* [INSTRUCTIONS TO FOLLOW]: Copy the data that follows exactly as it is, excluding all pictures.

* [SOURCE DATA]:
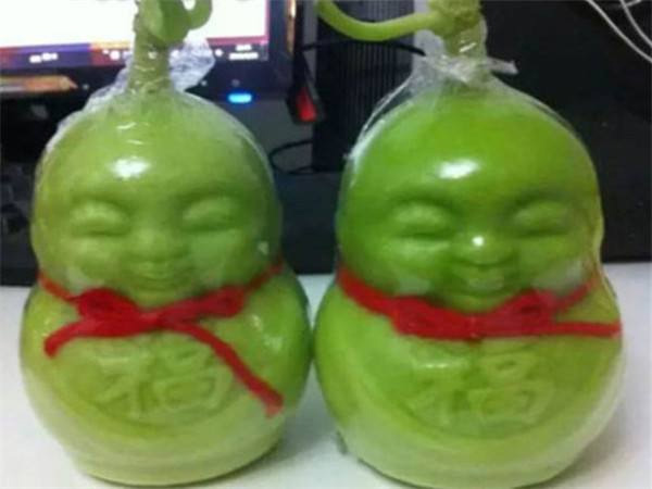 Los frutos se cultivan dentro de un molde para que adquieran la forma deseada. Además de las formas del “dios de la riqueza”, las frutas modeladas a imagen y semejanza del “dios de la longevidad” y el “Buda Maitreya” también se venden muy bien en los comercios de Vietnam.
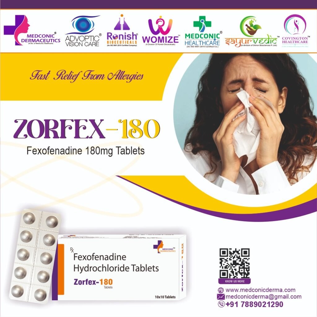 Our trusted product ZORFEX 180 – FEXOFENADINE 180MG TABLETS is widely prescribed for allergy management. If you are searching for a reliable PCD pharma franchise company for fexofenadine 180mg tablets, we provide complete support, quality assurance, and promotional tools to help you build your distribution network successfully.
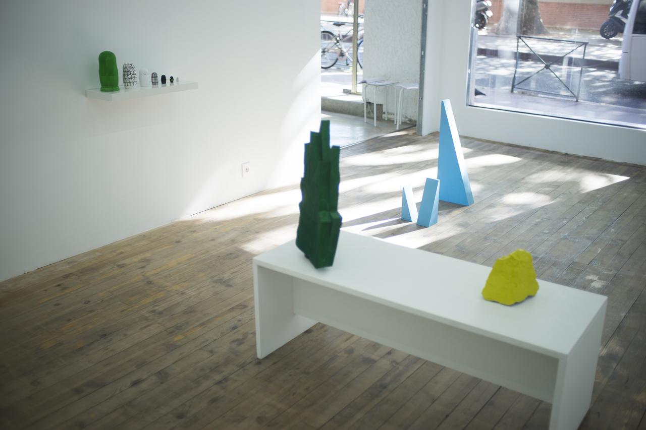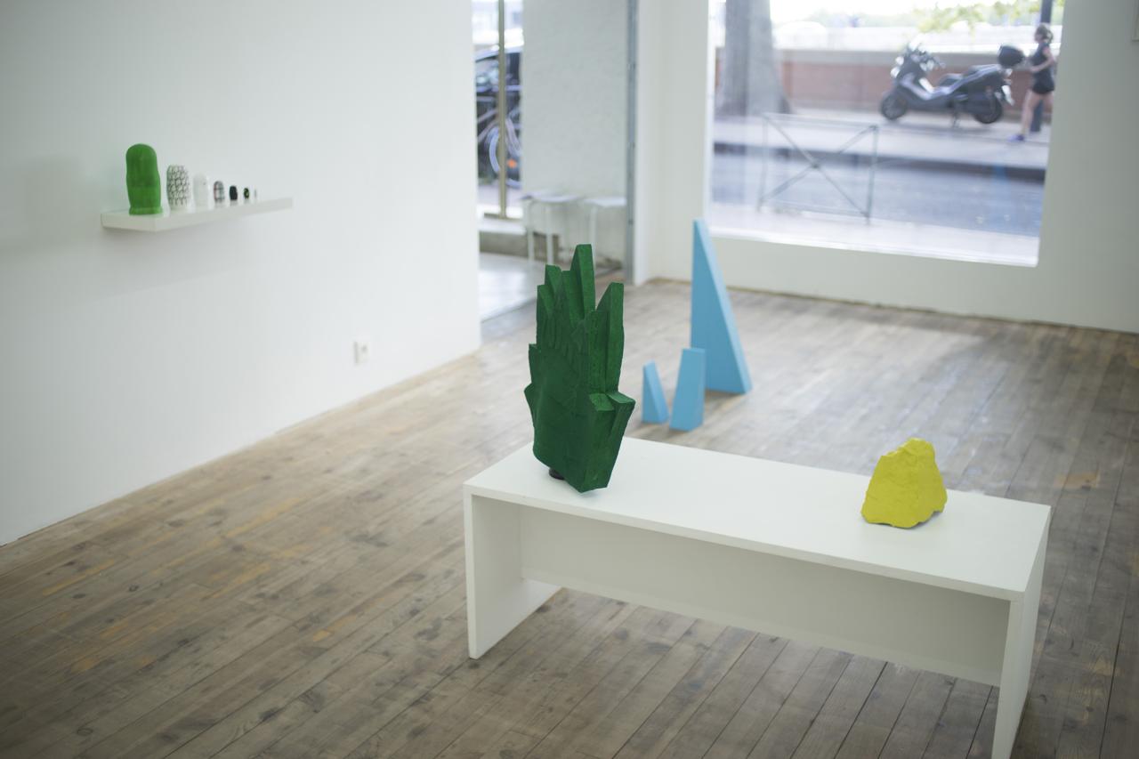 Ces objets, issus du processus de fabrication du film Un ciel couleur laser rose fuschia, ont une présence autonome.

* [ANSWER AREA]:
 Los frutos se cultivan dentro de un molde para que adquieran la forma deseada. Además de las formas del “dios de la riqueza”, las frutas modeladas a imagen y semejanza del “dios de la longevidad” y el “Buda Maitreya” también se venden muy bien en los comercios de Vietnam.
 Our trusted product ZORFEX 180 – FEXOFENADINE 180MG TABLETS is widely prescribed for allergy management. If you are searching for a reliable PCD pharma franchise company for fexofenadine 180mg tablets, we provide complete support, quality assurance, and promotional tools to help you build your distribution network successfully.
 Ces objets, issus du processus de fabrication du film Un ciel couleur laser rose fuschia, ont une présence autonome.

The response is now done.